La invocación del sabr aparece, dentro del Corán, en el
centro de muchos contextos. Por ejemplo, aquí, tras ordenar al Profeta (s.a.s.)
-en la primera parte de la sura- mantenerse en vela buena parte de la noche
concentrado en actos de devoción que fortalezcan su ánimo, para después
enfrentarlo a sus conciudadanos. Tanto el primer extremo como el segundo
necesitan, para su realización plena, de una firmeza cuya clave está en esta
virtud a la que llamamos sabr, y que los árabes aprecian de forma
singular (es la mérito del que vive en un medio inhóspito y debe resistir a
toda suerte de inclemencias). El sabr, la paciencia, la constancia,
la irreductibilidad, es el arma con la que el hombre aguanta ante las
adversidades y continua su existencia. A un nivel más profundo, es la resolución
de quien trasforma su universo interior en un combate contra todas sus
inclinaciones a la comodidad, supremo escollo que derrota a los más audaces. En
la hemeroteca de Musulmanes Andaluces podemos encontrar varios artículos sobre
este tema, que pueden servirnos para completar la definición de este concepto
capital.
Allah ordena al Profeta (s.a.s.) que se contenga, que no se deje
arrastrar por la sensación de disgusto ante el insulto, un malestar que, o bien
podría hacerle abandonar su misión, o bien inducirlo a la búsqueda de
venganza, y nada de ello es propio de un Elegido. Con ello, enturbiaría su
verdad. Al contrario, debe apartarse de ellos (háŷara-yáhŷur,
abandonar a alguien, alejarse) de una forma bella (ŷamîl),
es decir, retirarse cortésmente de la reunión en la que se le insulta... Lo
cual, a su vez, exige de un sabr añadido, de una paciencia
que adopta una forma hermosa.
¿Qué significa en realidad todo lo anterior?

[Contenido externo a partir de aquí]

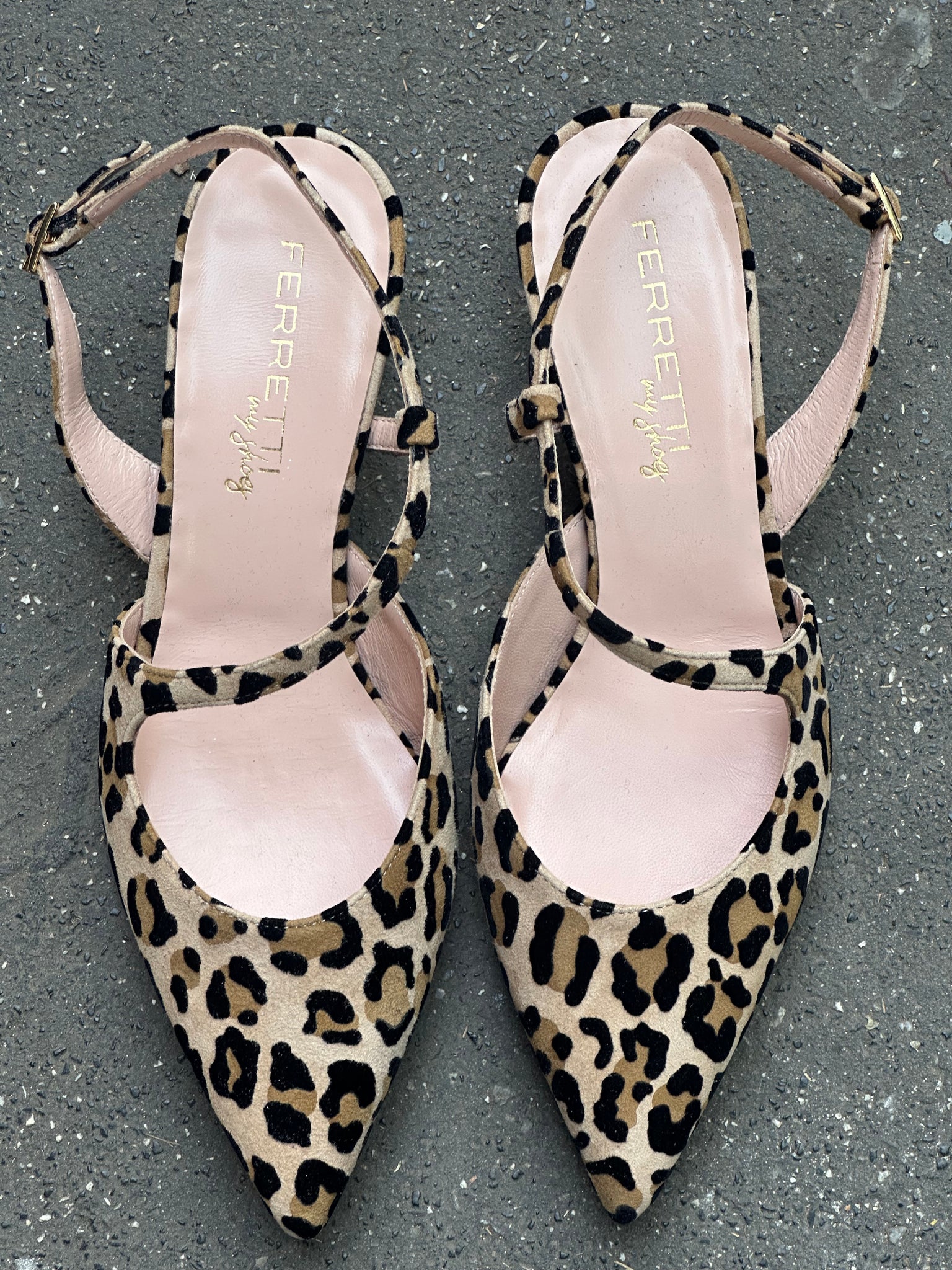 Slingbacks in beige suede with a flocked animal print, featuring a pattern across the instep and an adjustable strap. Fully lined in leather with a kitten heel of approximately 4 cm. Sole made of natural material.
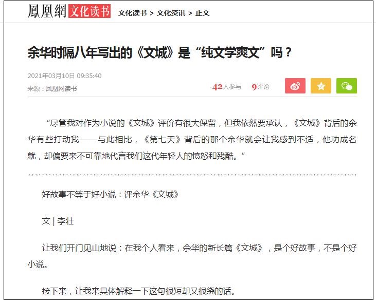 3月10日,鳳凰網(wǎng)-文化頻道發(fā)布青年批評(píng)家李壯文章《好故事不等于好小說:評(píng)余華〈文城〉》。
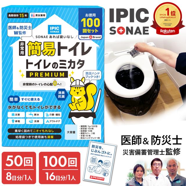 【公式】IPIC SONAE 非常用トイレ トイレのミカタPREMIUM 100回分 汚物用袋付き 15年保存 災害 防災 断水 簡易 備蓄 プレミアム

Allah había elegido a
Muhammad (s.a.s.) como trasmisor de un mensaje dirigido a la humanidad. La función
de Muhammad (s.a.s.) consistía en poner en conocimiento de los seres humanos la
Voluntad de quien los había creado, sin inmiscuirse. Al hacerlo así, el
Profeta (s.a.s.) es plenamente trasmisor, y pone a Allah y al hombre en
contacto. El Profeta (s.a.s.) desaparece de en medio: wa dzarnî wa l-mukadzdzibîna
ulî n-ná‘mati wa máhhilhum qalîla* ¡Déjame
a Mí con los desmentidores que disfrutan del favor! ¡Dales un poco de tiempo!...
En medio de
este contexto, este último versículo tiene unas resonancias descomunales. Al
obedecer a Allah y retirarse de forma bella, sin dejar que su amor propio
enturbiase el acontecimiento, el Profeta (s.a.s.) realiza a la perfección su
papel y el desmentidor, sin darse cuenta, he aquí que se enfrenta en realidad a
su Señor Verdadero, a Allah en medio de lo que está sucediendo. Creía, con su
estrategia, poder anular al Mensajero y restar eficacia a sus enseñanzas, pero
resulta que tiene ante sí a Allah, y su ceguera no le permite advertirlo. Su
treta va a tener consecuencias fatales, pues ha tropezado con su Creador. En el
momento en que Muhammad (s.a.s.) se retira -al renunciar a defenderse de la
agresión a su orgullo-, Allah se muestra sellando el destino de los
desmentidores: dzarnî,
¡déjame a Mí con ellos! Y Allah los llama desmentidores (mukadzdzibîn),
y los califica de ulî
n-na‘ma,
los que disfrutan de un favor, siendo ese favor su posición social, la
vida cómoda que llevan, su condición de jefes. Este matiz es importante: no se
trata de gente sencilla a la que la ignorancia o las dificultades les impidan
prestar atención al Profeta (s.a.s.). Los ûlû
n-na‘ma
han decidido oponerse a Allah y a Su Mensajero con mala voluntad, para proteger
sus privilegios, y eso es lo que convierte su Takdzîb
en una perversión máxima.
Encontramos en
todo ello, expresado en una imagen contundente, uno de los temas básicos del
Islam. El Nafs,
el ego, es la representación que una persona tiene de sí misma. Se
trata de algo etéreo e inconsistente (el Nafs
es aire). El hombre se ata a su Nafs,
a su individualidad, y con ello se aparta de la Verdad. Queda sumido en
su ensueño y pasa a existir en un mundo irreal que va construyendo con sus
miedos, esperanzas y fantasías. Ese ego se va fortaleciendo y
densificando hasta cegar definitivamente a su dueño, y ahí es donde pierde el
contacto con la Verdad. El musulmán busca superar su ego para recuperar el vínculo
que lo vuelve a sumergir en su Señor Verdadero. Cuando renuncia a su Nafs,
cuando deja de depender de la imagen que tiene de sí mismo, he aquí que
entronca con Allah, y su propia verdad pasa a ser infinita. Cuando Muhammad
(s.a.s.) se dejó a sí mismo atrás, hizo que todo fuera trasparente, y Allah
respondió por Él: “¡Déjame a Mí con los desmentidores!...”.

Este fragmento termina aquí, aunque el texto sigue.